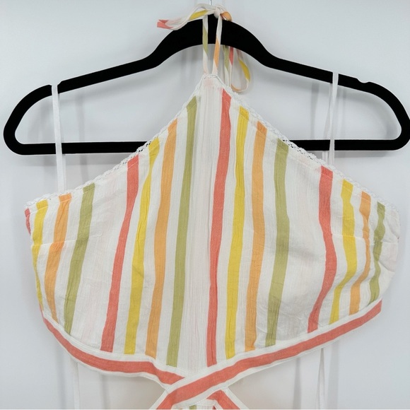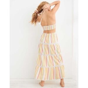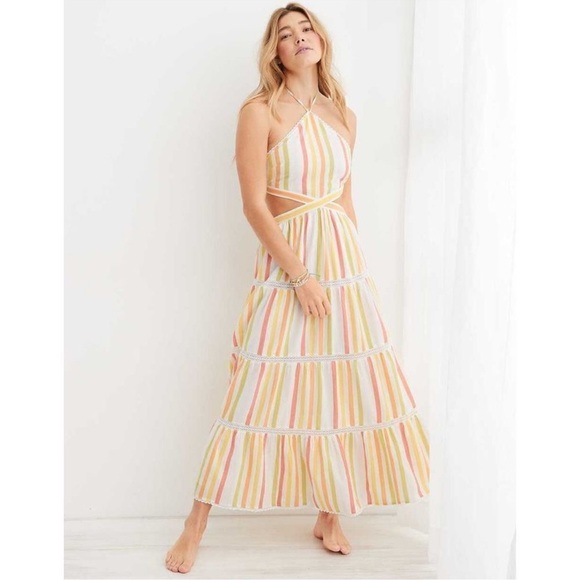 Aerie Striped Cut Out Halter Maxi Dress Pastel Size XL NWT
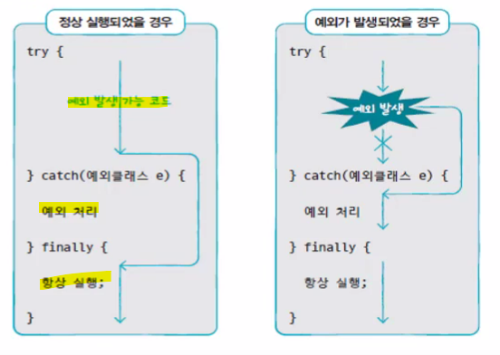 finally 블록은 생략 가능, 예외 발생 여부와 상관없이 항상 실행할 내용이 있을 경우에만 작성
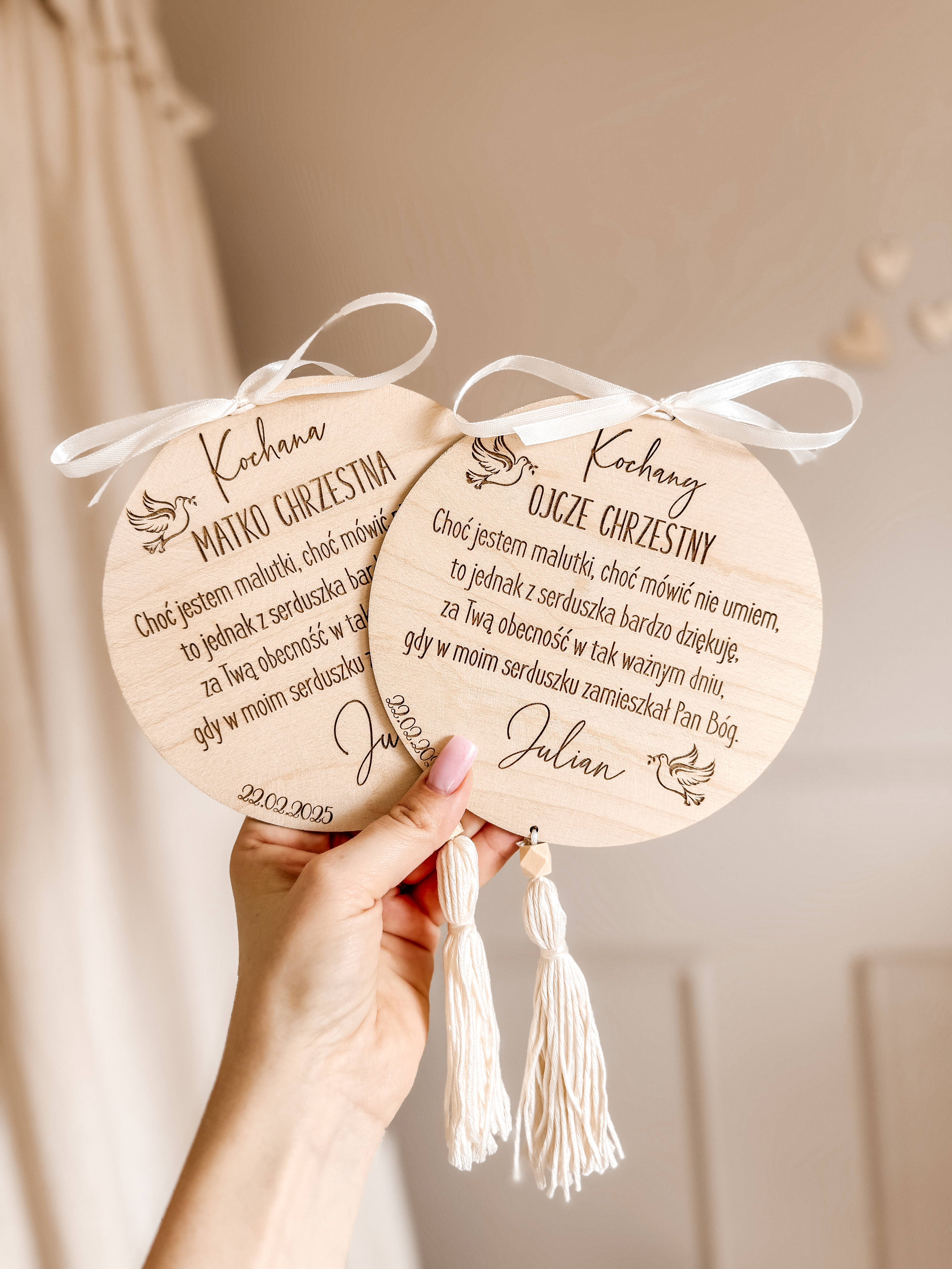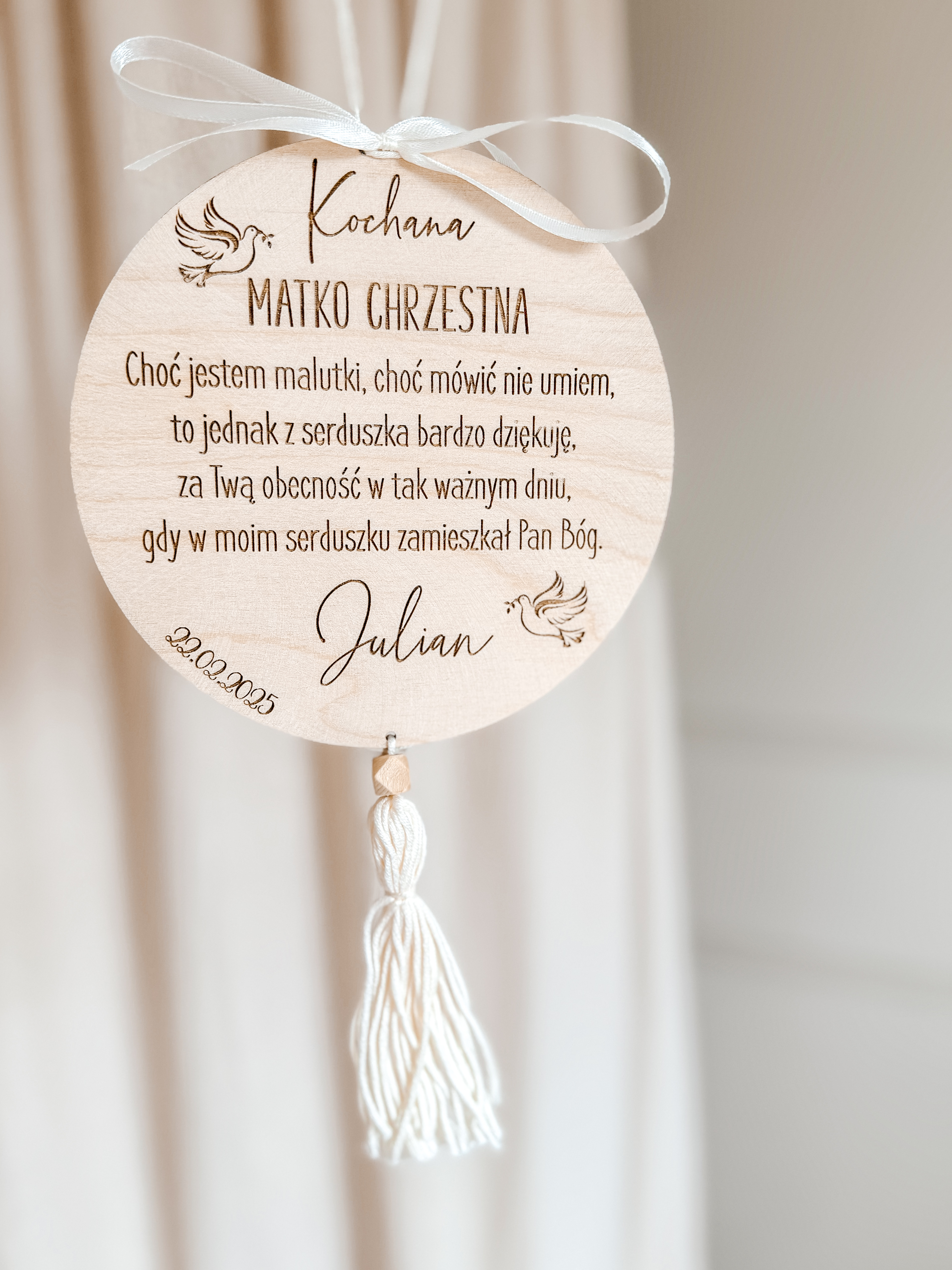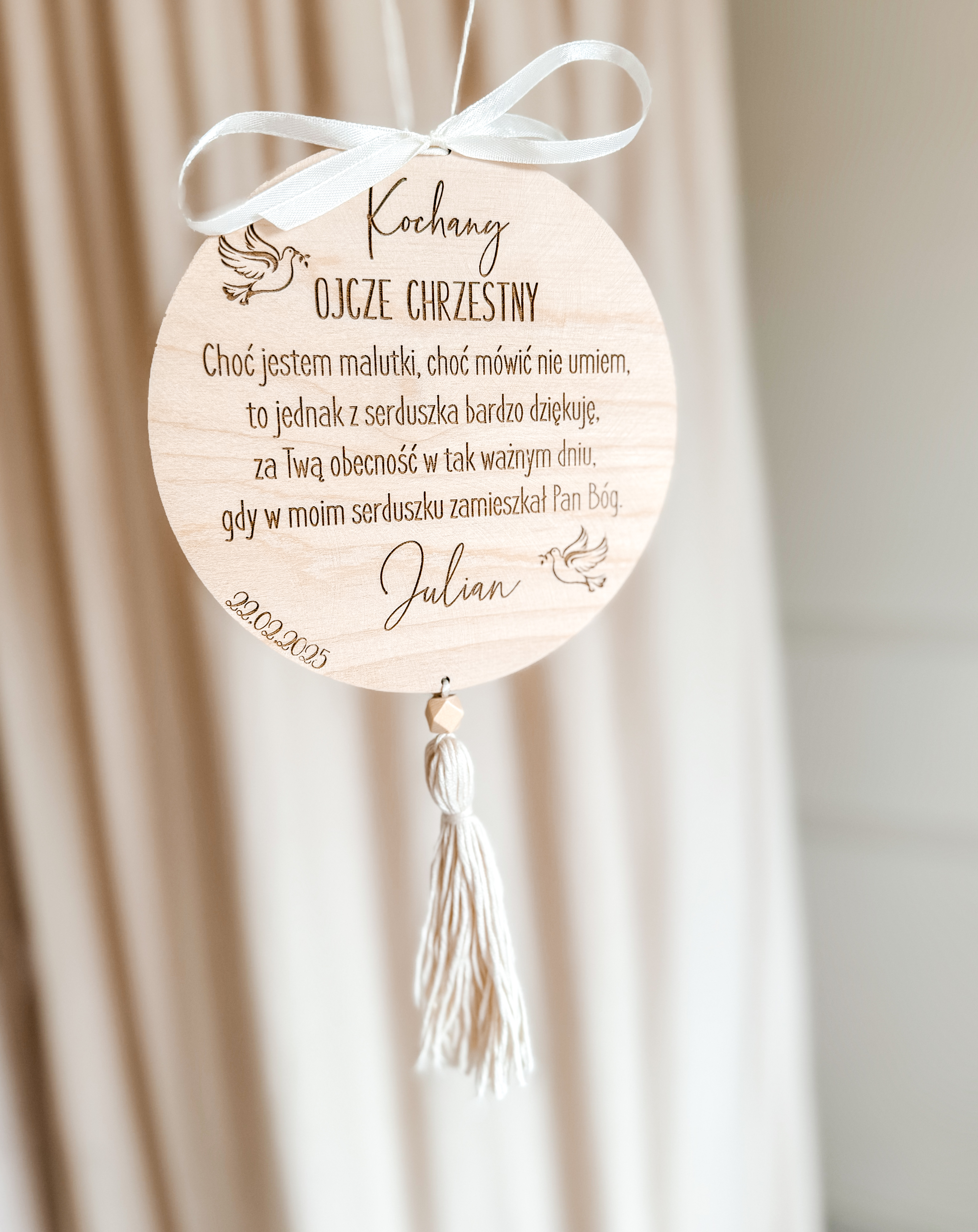 Personalizowana tabliczka to oryginalny pomysł na podziękowanie za przybycie dla Rodziców Chrzestnych lub dla gości, to również piękna pamiątka dla osoby obdarowanej. Do wyboru kolor dodatków (sznureczek do powieszenia, wstążeczka, frędzelek):

· · ·

Each line of the data above should be reproduced without alteration, and no picture should appear in the copy.

 Aerie Striped Cut Out Halter Maxi Dress Pastel Size XL NWT
 finally 블록은 생략 가능, 예외 발생 여부와 상관없이 항상 실행할 내용이 있을 경우에만 작성
 Personalizowana tabliczka to oryginalny pomysł na podziękowanie za przybycie dla Rodziców Chrzestnych lub dla gości, to również piękna pamiątka dla osoby obdarowanej. Do wyboru kolor dodatków (sznureczek do powieszenia, wstążeczka, frędzelek):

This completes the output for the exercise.